Task brief ::
Using the records that follow, reproduce exactly the lines starting at the line containing "中央财经大学本科招生办公室主" and ending at the line containing "配资专业证券配资门户 新三板基础层公司蒙水股份发生2笔大宗交易, 总成交金额500万元". Include both end lines and no pictures.

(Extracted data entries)
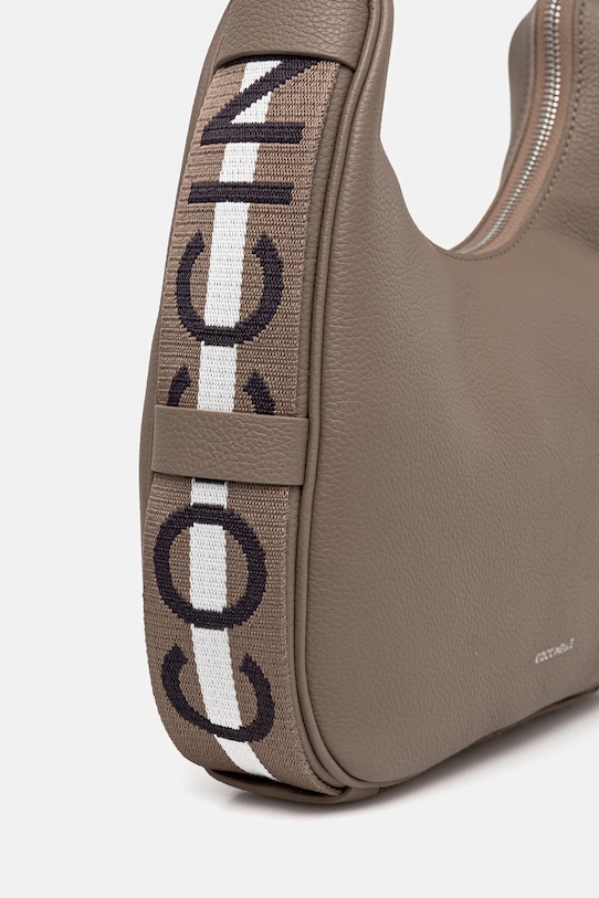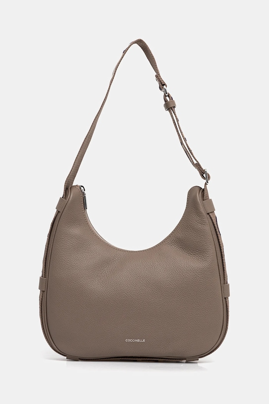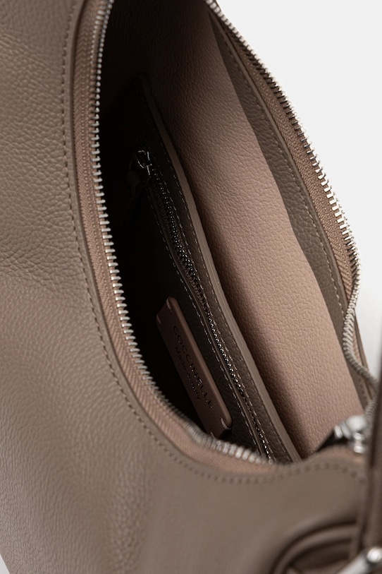 Небольшая сумочка из коллекции Coccinelle. Модель на молнии, выполнена из натуральной кожи. - Входящий в комплект тканевый чехол защищает изделие от пыли. - Не подходит для формата А4. - Отделение на молнии. - Имеет внутренние карманы, в том числе один на молнии. - Несъемный, регулируемый ремешок. - Глубина: 5 см. - Высота: 18,5 см. - Ширина у основания: 28 см. - Минимальная длина ремешка: 57 см. - Максимальная длина ремня: 70 см.
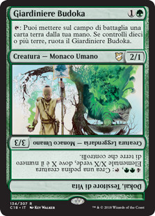 | Rules | : You may put a land card from your hand onto the battlefield. If you control ten or more lands, flip Budoka Gardener. // , : Create an X/X green Elemental creature token, where X is the number of lands you control. |
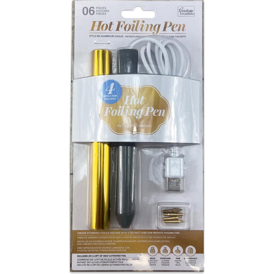 Add amazing effects to your projects with this hot foiling pen pack containing a pen with USB charger and a two metre roll of heat-activated foil, plus four unique nibs in different styles. Whether you’re looking for more ways to add a unique touch to your projects or wanting to learn a new skill, this pack is the perfect opportunity to learn the art of foil design.
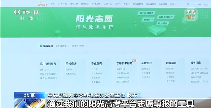 中央财经大学本科招生办公室主任 耿卉:通过我们的阳光高考平台志愿填报的这个工具,包括还有一些社会上免费的工具,我们都能够很容易根据自己预估的位次,先对高校进行一个大概范围的框定。
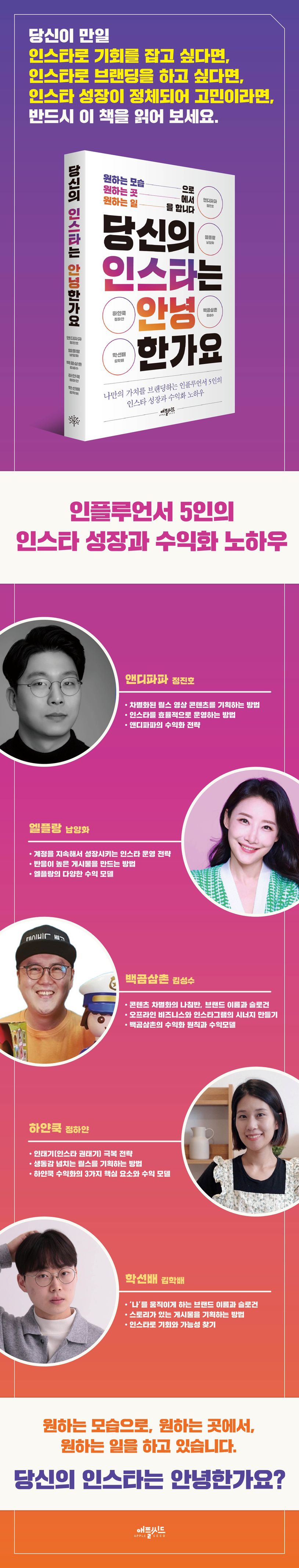 당신은 이 책을 통해서 반응이 높은 콘텐츠를 기획하는 방법부터 인스타를 성장시키는 효과적인 방법, 계정의 주제에 맞게 게시물을 효과적으로 관리하는 방법, 인스타 성장의 정체를 극복하는 방법, 인스타를 통해 수익화를 만드는 다양한 방법 등에 관한 구체적이고 실질적인 노하우와 인사이트를 발견할 것입니다.
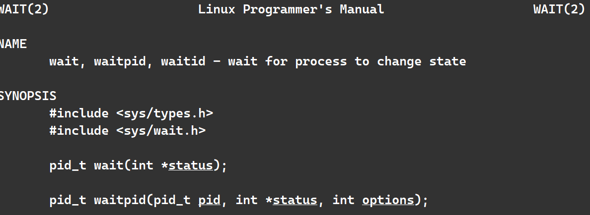 下面我们来介绍waitpid。同样使用man命令查看一下:
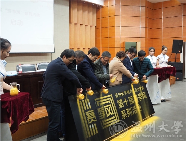 在仪式的最后环节,与会领导们共同洒下金沙,“MILE米乐集团美术与设计学院赛季风系列活动”缓缓浮现,开启了美院第十届“赛季风”系列活动的序幕。
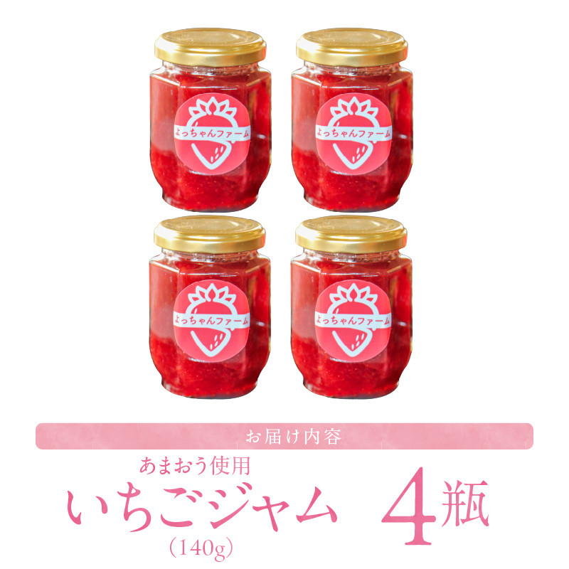 あまおう使用 あまおう使用 いちごジャム140g×4瓶_あまおう ジャム 土耕栽培 本格ジャム スイーツ 贈り物 朝食 ヨーグルト パン 果物 加工食 着色料不使用 保存料不使用 こだわり バケット アイス よっちゃんファーム 久留米市 グルメ お取り寄せ 送料無料_Ca042
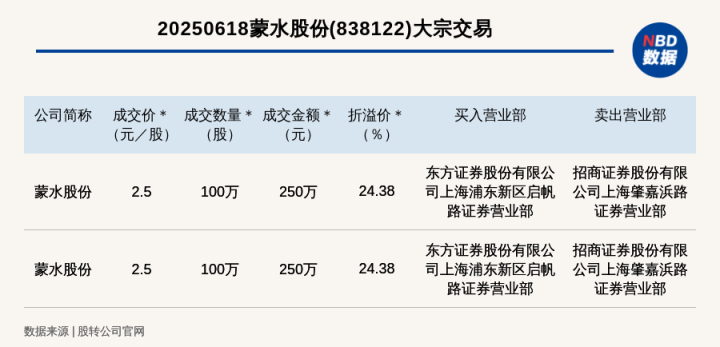 配资专业证券配资门户 新三板基础层公司蒙水股份发生2笔大宗交易, 总成交金额500万元
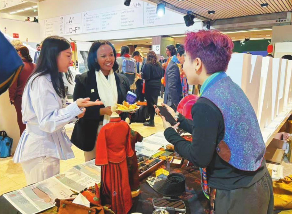 In the core exhibition area, Chinese zodiac-themed “mystery boxes” made of southern Liaoning dough figurines spell out the “DALIAN” logo. Representative intangible cultural heritage works from China, such as Xiuyan jade, Dalian shell carvings, Longquan celadon, and gambiered Guangdong gauze handmade qipao (cheongsams), showcased the essence of traditional Chinese culture. Notably, specially designed horse silhouette images display the “History of Davos in Dalian”, with nine representing the eight collaborations between Davos Forum and Dalian, and the vision for further deepening cooperation in the future.
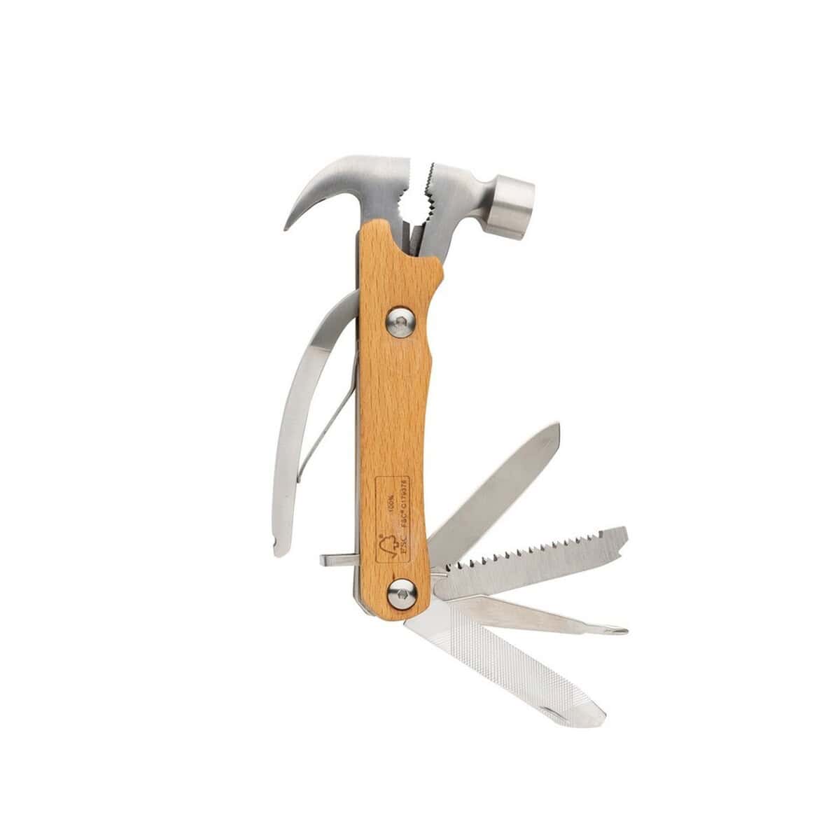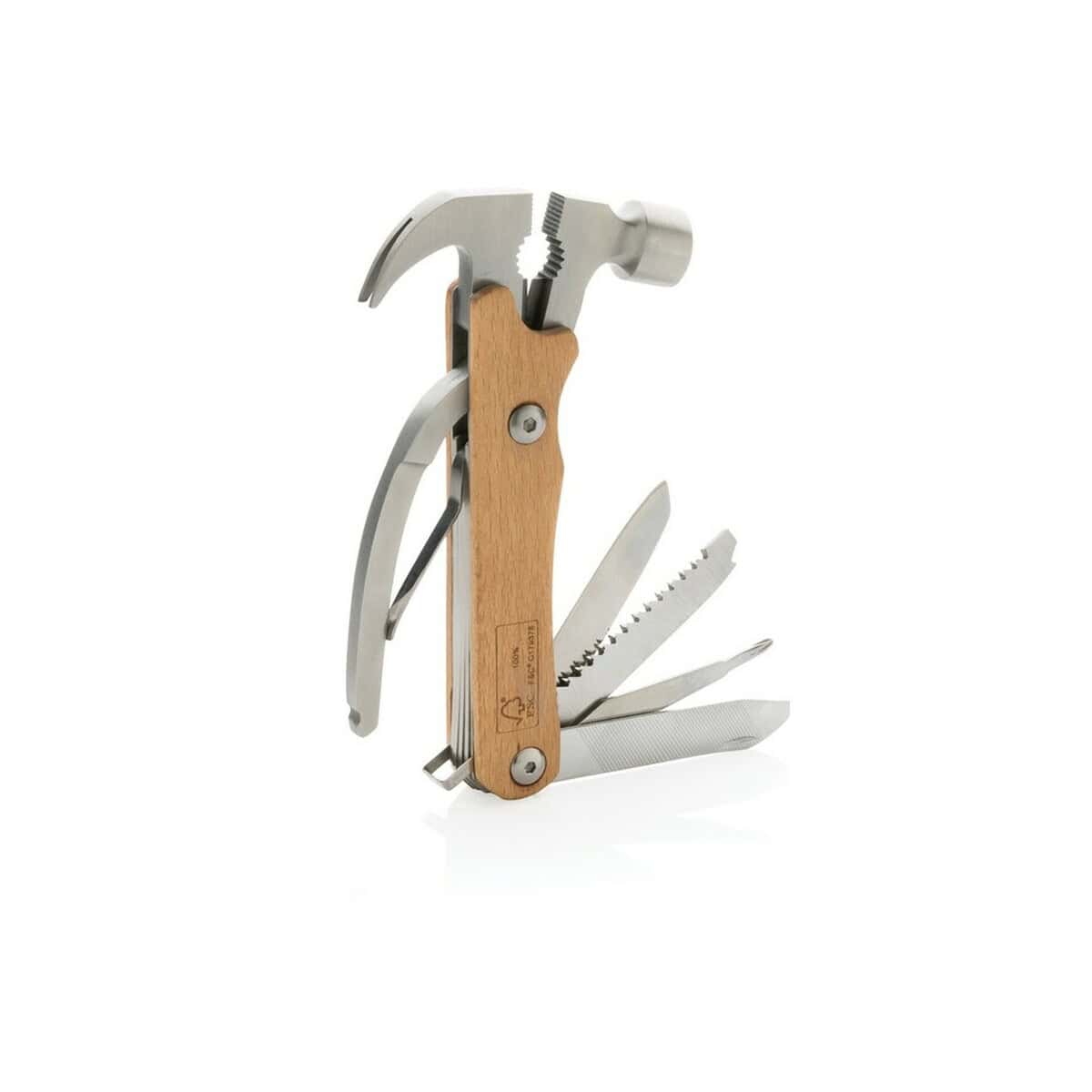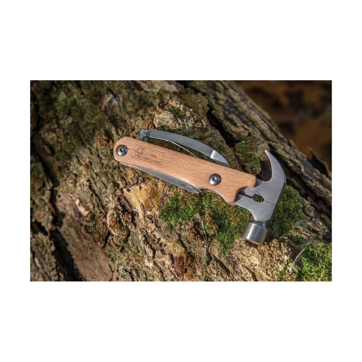 Drewniane narzędzie wielofunkcyjne „młotek” to niezwykle praktyczny, a zarazem estetyczny gadżet, który łączy w sobie funkcje młotka, szczypiec, noża, śrubokrętu i otwieracza. Całość powstała z certyfikowanego drewna FSC® w naturalnym, brązowym odcieniu oraz wytrzymałej stali nierdzewnej, co gwarantuje długą żywotność i odporność na uszkodzenia. Wymiary 14,7 x 7,2 x 2 cm sprawiają, że narzędzie mieści się w kieszeni lub torbie, a ślad węglowy wynoszący zaledwie 2,94 kg CO₂ potwierdza jego przyjazność dla środowiska. Dopełnieniem całości jest ozdobne kraftowe pudełko FSC®, w którym produkt można od razu wręczyć klientowi 😊.
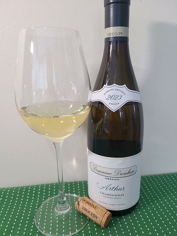 I have a bottle of the Domaine Drouhin Arthur Dundee Hills Chardonnay 2023 to review for you today. 135 acres of their vineyard are under vine and are certified sustainable by L.I.V.E. As it is from Oregon, at the moment, the wine is not available for purchase. Hopefully, the tariff wars will end soon, and we will be able to enjoy wines from our blue state west coast neighbour. Arthur refers to Véronique Drouhin’s son.
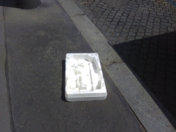 Deska polystyrénu na chodníku.
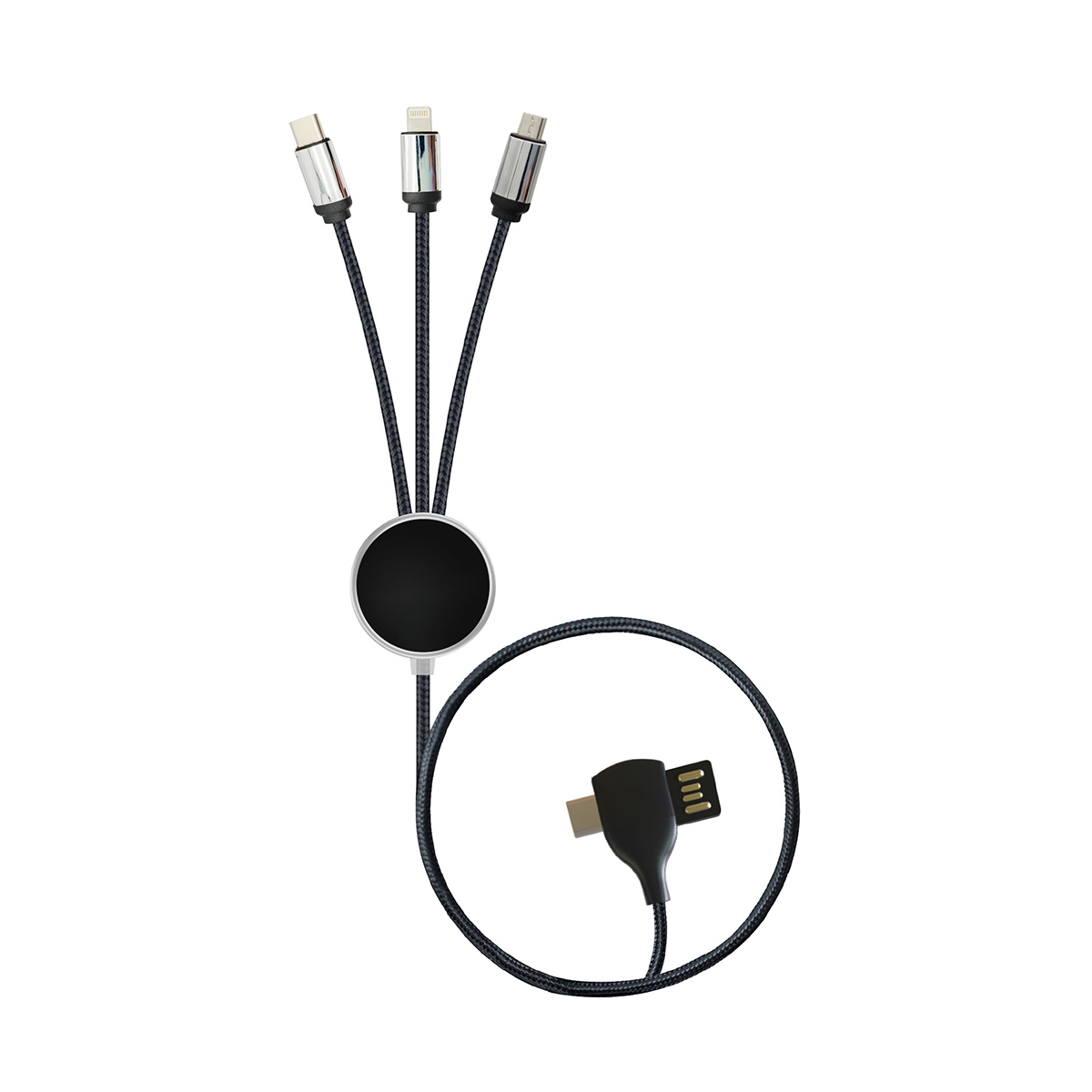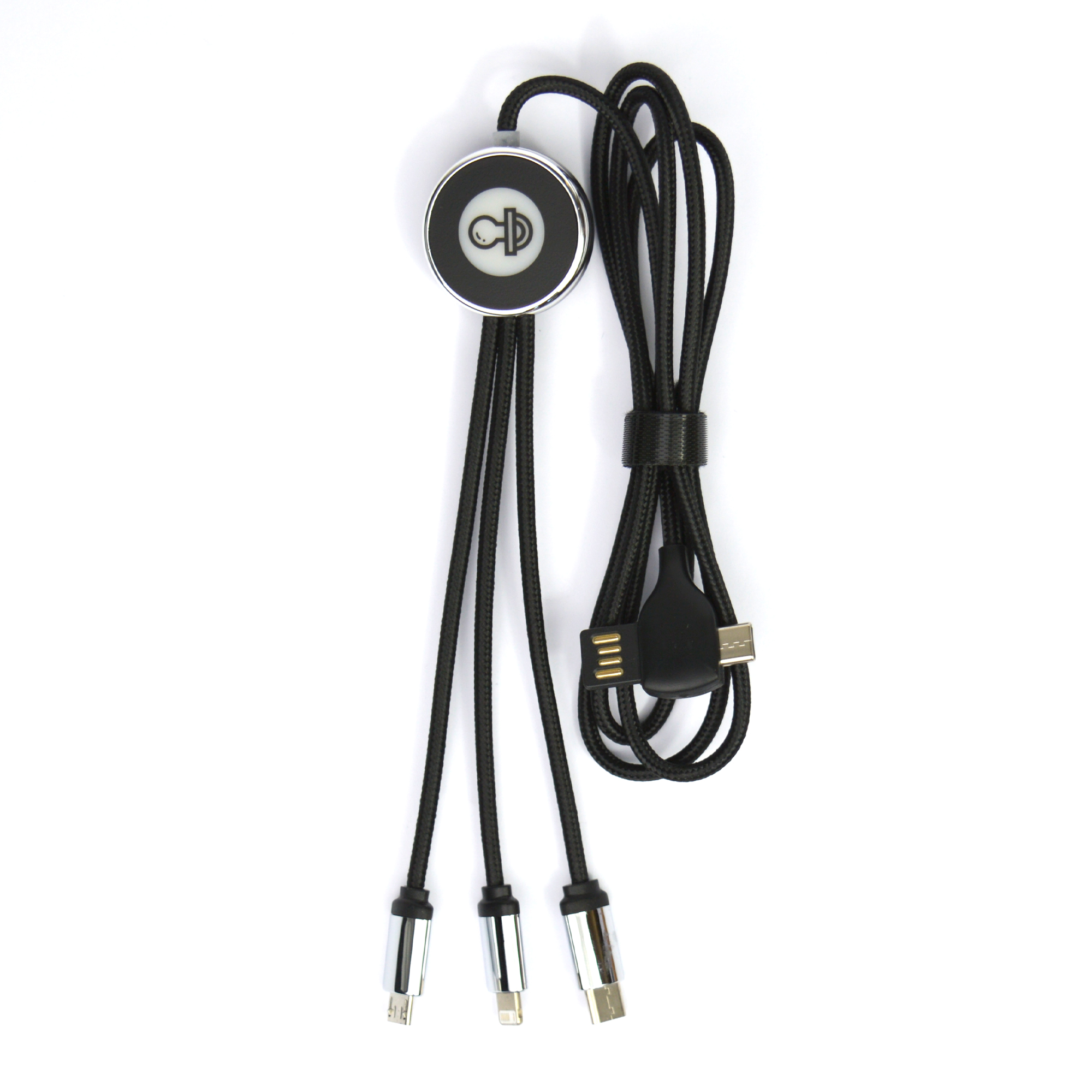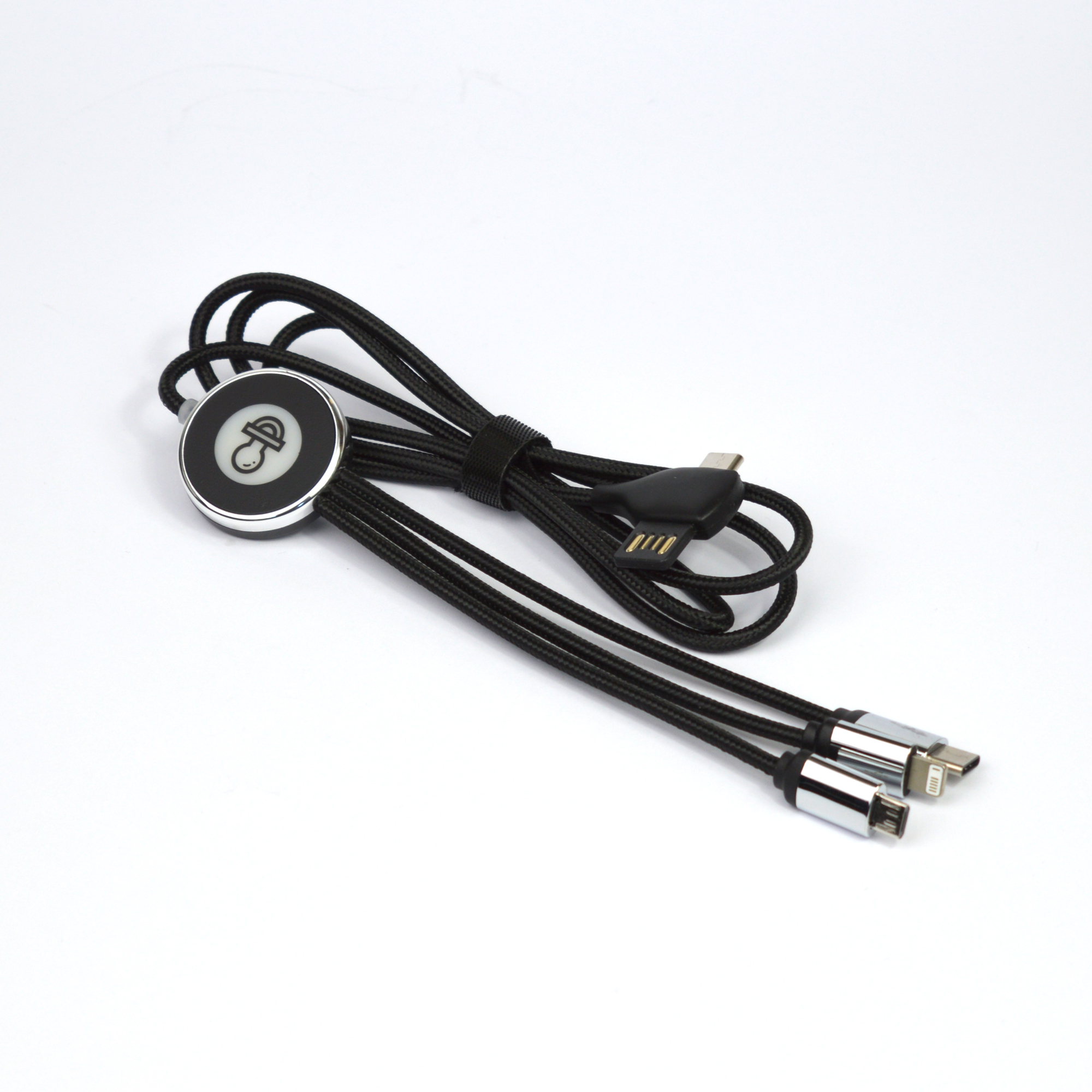 Multi-charging cable with antibacterial coating, comes with two inputs (USB A and USB C) and three outputs USB C, Micro USB and Lightning adapter. Engrave the cable to leave a light up logo.

Result ::
 中央财经大学本科招生办公室主任 耿卉:通过我们的阳光高考平台志愿填报的这个工具,包括还有一些社会上免费的工具,我们都能够很容易根据自己预估的位次,先对高校进行一个大概范围的框定。
 당신은 이 책을 통해서 반응이 높은 콘텐츠를 기획하는 방법부터 인스타를 성장시키는 효과적인 방법, 계정의 주제에 맞게 게시물을 효과적으로 관리하는 방법, 인스타 성장의 정체를 극복하는 방법, 인스타를 통해 수익화를 만드는 다양한 방법 등에 관한 구체적이고 실질적인 노하우와 인사이트를 발견할 것입니다.
 下面我们来介绍waitpid。同样使用man命令查看一下:
 在仪式的最后环节,与会领导们共同洒下金沙,“MILE米乐集团美术与设计学院赛季风系列活动”缓缓浮现,开启了美院第十届“赛季风”系列活动的序幕。
 あまおう使用 あまおう使用 いちごジャム140g×4瓶_あまおう ジャム 土耕栽培 本格ジャム スイーツ 贈り物 朝食 ヨーグルト パン 果物 加工食 着色料不使用 保存料不使用 こだわり バケット アイス よっちゃんファーム 久留米市 グルメ お取り寄せ 送料無料_Ca042
 配资专业证券配资门户 新三板基础层公司蒙水股份发生2笔大宗交易, 总成交金额500万元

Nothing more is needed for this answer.